Patients will be randomized to treatment arm a or treatment arm B. Patients in treatment arm a will receive radiotherapy alone as defined in section 5.2. Patients in treatment arm B will receive radiotherapy as defined in section 5.2 in addition to concomitant and subsequent chemotherapy as defined in section 5.3.
Age > 18 years.
Tumors must be supratentorially located.
Pathological diagnosis of astrocytoma grade 2, oligodendroglioma grade 2, or oligoastrocytoma grade 2 (mixed glioma containing astrocytoma and oligodendroglioma). Pilocytic astrocytoma, ganglioglioma, pleomorphic xanthastrocytoma, or dysembryoplastic neuroepithelial tumors are not eligible.
NOTE: If the pathology from multiple procedures supports the diagnosis of a brain tumor, the qualifying pathology of grade 2 astrocytoma, oligodendroglioma, or oligoastrocytoma must be the most recent pathological diagnosis, and a pathological diagnosis of a grade 3 or grade 4 glioma must not have been made at any time.
Patients must have paraffin-embedded tumor specimen available for submission for confirmation of pathological diagnosis and determination of 1p/19q deletion status.
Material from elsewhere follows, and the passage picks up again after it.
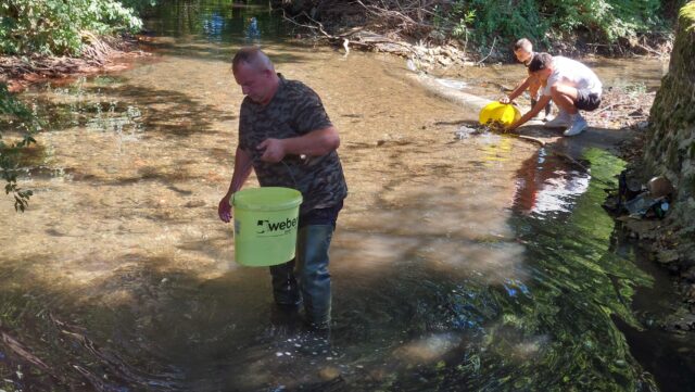 Članovi Sportsko ribolovnog društva „Devet rijeka“ poribili su danas pritoke rijeke Sane sa oko 250 kilograma potočne pastrmke lovne veličine i radi se o nastavku redovnih aktivnosti koje provode u sklopu svoga plana gazdovanja vodnim resursima.

NOTE: It is recommended that patients not be Pre-registered until the required tumor specimens are on hand and ready for submission as outlined in Section 10. If submission of tissue will be submitted more than 5 working days after pre-registration, immediately notify the Mayo Clinic Cytogenetics Laboratory via email: ecog.E3F05_TISSUE@jimmy.harvard.edu
The patient must currently have at least one of the following:
Uncontrolled symptoms, defined as any of the below:
Headaches associated with mass effect
Uncontrolled seizures despite 2 different antiepileptic drug regimens (i.e., 2 antiepileptic drugs tested either sequentially or in combination)
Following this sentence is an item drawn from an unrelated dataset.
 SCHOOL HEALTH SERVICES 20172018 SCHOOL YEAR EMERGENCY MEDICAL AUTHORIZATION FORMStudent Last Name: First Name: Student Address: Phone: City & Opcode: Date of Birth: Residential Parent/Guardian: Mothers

Focal neurological symptoms
Cognitive symptoms or deficits
Tumor progression by serial MRIs, defined as any of the below:
New or progressive enhancement
New or progressive T2 or FLAIR signal abnormality
Age >= 40 years.
NOTE: Patients aged less than 40 whose only symptom of low-grade glioma is
seizures that are well-controlled on antiepileptic drugs, and who have no evidence of radiographic progression, are ineligible. The rationale is that such patients have a relatively good prognosis and are often managed expectantly with observation. Excluding such patients will maintain similar eligibility requirements with the ongoing EORTC trial comparing radiation to temozolomide for patients with low-grade gliomas.
Patient must be able to undergo MRI with and without contrast. Patients who are unable to undergo MRI are ineligible.
MRI and chest x-ray within 6 weeks prior to pre-registration. A postoperative MRI is required for all patients who underwent open biopsy, or resection, but is not mandatory following stereotactic biopsy.
Karnofsky performance status > 60%.
Patients who have undergone gross total resection and have no detectable residual disease are eligible.